O adeus é um olhar, um gesto fugaz, um aceno com a mão, um lenço branco animado pelo vento. Deixa-se um amor, numa curva apertada da topografia da vida, Um amor ou a possibilidade de o ter sido. À porta de um bar, numa paragem de carro eléctrico, num esconso da cabeça, num equívoco pessoal, num desencontro de minutos, numa ilusão que se desilude.
Ancorado num cais imaginário. Encontramos, perdemos, voltamos a encontrar, e a perder. O mundo, impassível, continua a rodar sem misericórdia, indiferente ao amor. Nunca encontramos quem queremos, perdemos quem não sabemos que queremos, nada sabemos.
Tertuliano emigrou para um barco, fez-se marinheiro, para viver o amor do mar, e o seu outro amor ficou amarrado a um cais, uma estátua, é essa a verdade factual desta história.
Duas mulheres, uma de carne e osso e sentimento, e outra de abstração líquida, competindo para serem as escolhidas. Uma, Maria, a outra Mar. Antes de se transformar em mulher estátua, no momento imediatamente a seguir a este relato, Maria, vestida de preto num luto sem mortes, a anunciar uma morte a vir: a do amor que parte. Posou a canastra no chão, usou-se de poucas palavras, as suficientes, e de um tímido acenar de adeus no dia da partida. Não exteriorizou o choro, as lágrimas pingaram para dentro, humedeceram-lhe as emoções naquele momento triste.
Despediram-se no cais.
- Não olhámos para as estrelas juntos, quando
te pedi que me desenhasses, dizendo, metáforas de amor.

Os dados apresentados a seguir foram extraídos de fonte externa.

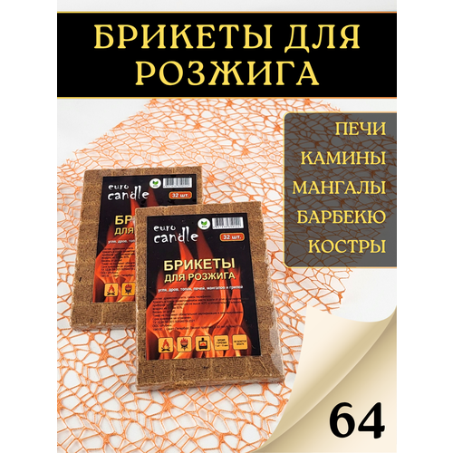 Брикеты для розжига EuroCandle угля, дров, топок, печей, мангалов, грилей, 64 шт (2 упаковки по 32 шт)
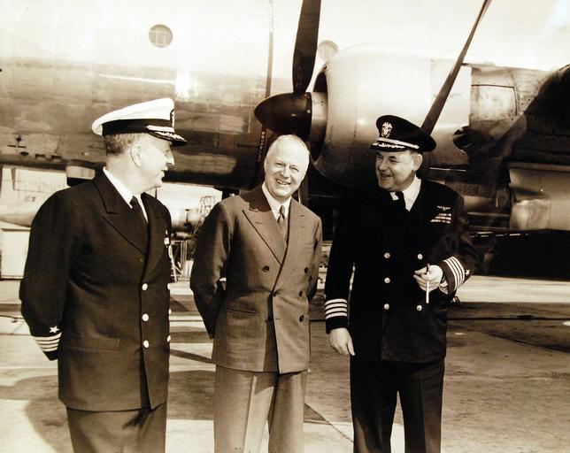 Keywords: people 330-PS-3249 (USN 708808): During ceremonies at California, Captain R.W.D. Woods, left, Bureau of Aeronautics Representative, accepted the Navy’s first R7V-1 Lockheed “Super Constellation” from Lockheed Aircraft Corporation President Robert K. Gross (center). The 106 passenger plane can be quickly converted to an 18 ton cargo freighter, or a 73 patient ambulance. It has hard facing seats. Called “The Fastest of the Fleet,” the R7V-1 can be used for faster personnel movement, cargo shipment, and hospital plane operations, March 12, 1953. (5/5/2015). 330-PS-3249 (USN 708808): During ceremonies at California, Captain R.W.D. Woods, left, Bureau of Aeronautics Representative, accepted the Navy’s first R7V-1 Lockheed “Super Constellation” from Lockheed Aircraft Corporation President Robert K. Gross (center). The 106 passenger plane can be quickly converted to an 18 ton cargo freighter, or a 73 patient ambulance. It has hard facing seats. Called “The Fastest of the Fleet,” the R7V-1 can be used for faster personnel movement, cargo shipment, and hospital plane operations, March 12, 1953. (5/5/2015). |

- Partes agora, e faltou-nos isso,
tão importante.
- Não podia fazê-lo.
- Porquê?
- Só te as posso mostrar quando as souber
reconhecer, a todas, dominar os
seus sentidos, as armadilhas do que
nos querem revelar.
- Bastava-me um céu estrelado. Tudo está lá!
- Nunca basta isso, devemos querer mais.
- Talvez., não sei, basto-me com
pouco. O necessário.
- E para as conhecer, e as
cartografar na memória para depois as contar, tenho primeiro de correr os mares
do mundo.
- Seria suficiente uma metáfora bela.
- Pode-se levar uma vida para conseguir isso. Só vendo o céu estrelado em todas as suas latitudes poderei captar para ti esse presente único.
- Não partes só por isso.
- Parto só por isso.
- Vais porque tens uma escolha de amor para fazer. - Encantaste-te por essa imensidão voluptuosa e traiçoeira, esse mar que dizes, e instalou-se em ti a dúvida.

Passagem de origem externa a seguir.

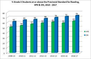 The proportion of grade 3 students who meet the provincial standard in HPE is consistently at least 10% lower than the provincial average. Despite the Ministry of Education goal of 75% of children at or above the provincial standard, fewer than 60% of grade 3 students in HPE meet or exceed that standard. There has been no significant change in the last 5 years in the Grade 3 mathematics success of HPE students.

- Não. O meu amor és tu, mas só
percorrendo a vastidão dos oceanos,
solitário, encostado à amurada do navio, absorvendo o silêncio desse infinito líquido, posso capturar as metáforas.

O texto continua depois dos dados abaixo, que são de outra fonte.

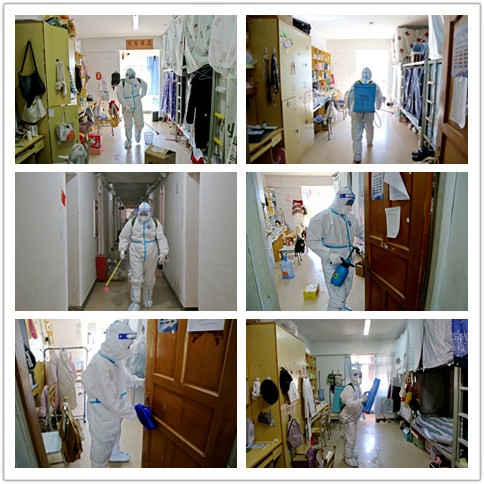 解除静态管理前,专业消杀人员对楼栋进行全覆盖、无死角的消杀,确保师生健康安全。

- Serão mil os tesouros que te trarei
de presente.
- E nessas metáforas estarão contidos
todos os significados do amor.
- Se é assim, que esse chamamento se cumpra.
- Embriaga-te de todos os mares e dos deslumbramentos, dos perigos e da ressaca, volta para mim, meu Amor.
Despediram-se assim. Maria, fez-se mulher estátua, na ponta do cais que penetra o mar, olhos pedra, ali, na companhia ruidosa das gaivotas e dos albatrozes, pousadas nela, petrificada. Até um dia, em que um beijo quente, a volte a despertar. É que voltou o homem que partiu do mundo à procura de metáforas do Amor.